Yesterday’s declarative blog “The Bull is Back” might’ve been a bit presumptuous of me. I tend to get easily excited and sentimental about the halcyon days when I’d throw my trader/servant down very steep flights of stairs for messing up my sell tickets. Nowadays, I get mad at just about anything and when I see the market, my true love, I tend to romanticize about it and always root for her success.

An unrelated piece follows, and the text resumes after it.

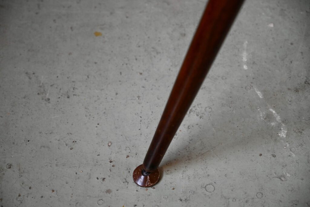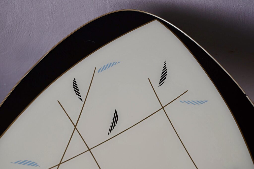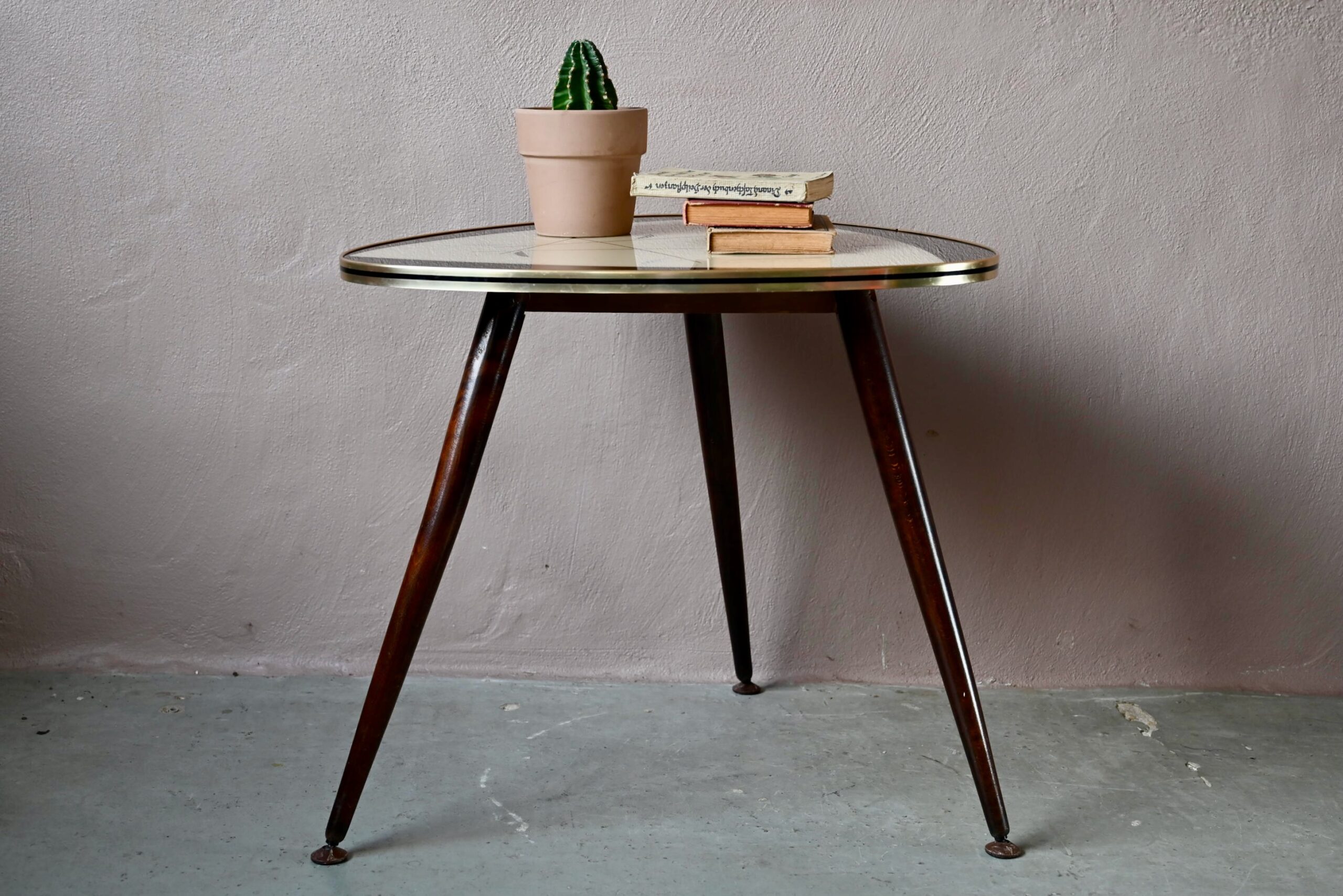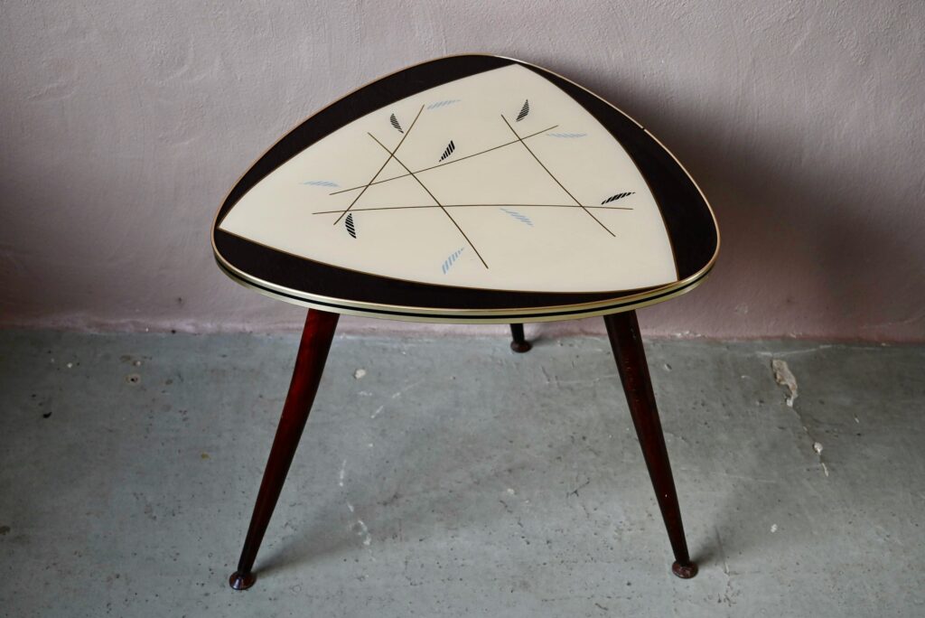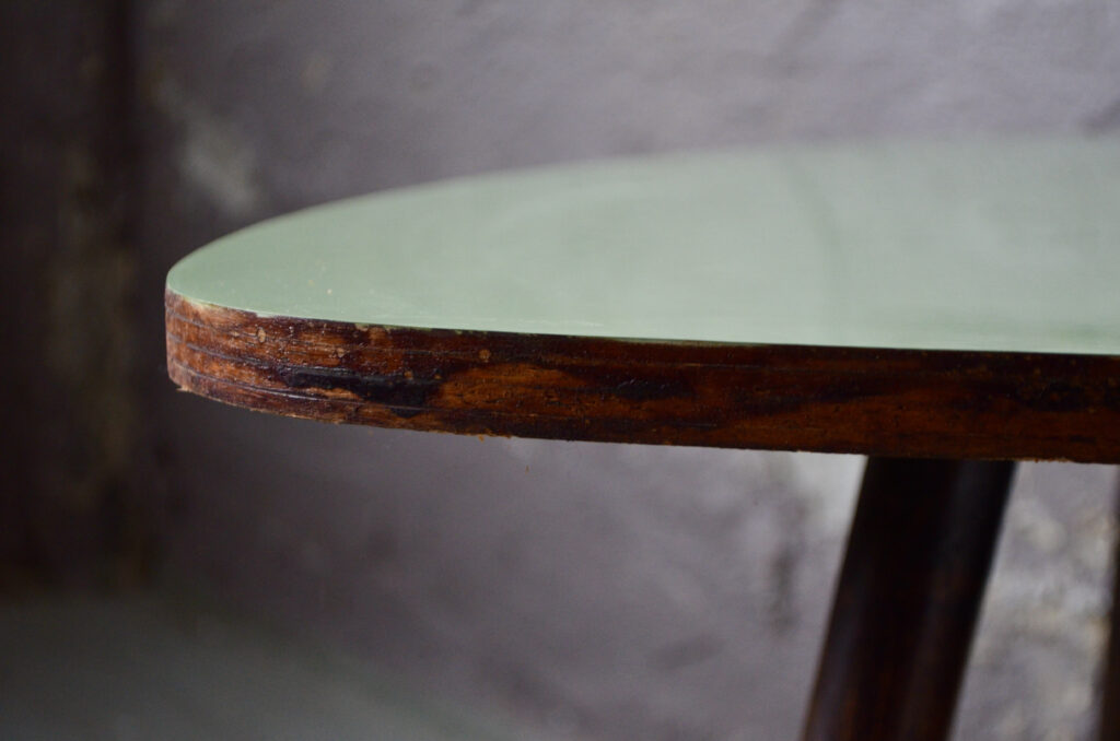 Le guéridon tripode présente un piétement compas fuseau bois. Le plateau de forme “triangulaire” est en formica noir décor doré, beige et bleu ciel. Le piétement et le plateau présentent de très légères traces d’usage mais demeurent en bel état, stable et pratique par ses dimensions réduites. Un des pieds présente un léger décroché du bois, d’origine et sans conséquence. Le chant est en vinyle doré liseré noir.

While it’s true, I also want the market to fucking COLLAPSE — that has nothing to do with the market itself, per se, as I view the market an extension of the criminal regime ruling over my country now. To see the market fail is to see them fail, which would then lead to their collapse and eventual transition of power to American patriots. I feel the same way about this regimes current wars.

At any rate, the US 10yr is FLAT and markets opened sharply lower.

But we have to remember the answers and markets love to bid up after it gets marked down at the open. This doesn’t mean it’ll go straight back up, however. It’s worth nothing, breadth is ok at 45% and SAAS stocks are up 65bps. They were down about 0.3% at the open, which is a key tell. That index I speak of is exclusive to Stocklabs — but you layman’s out there can concoct one on your own using stocks like CRM, HUBS, DDOG and others.

I’m very cautious here into this bounce, down just 17bps, 65% cash, keenly positioned both smartly and acutely because I am a professional and that’s what professionals do.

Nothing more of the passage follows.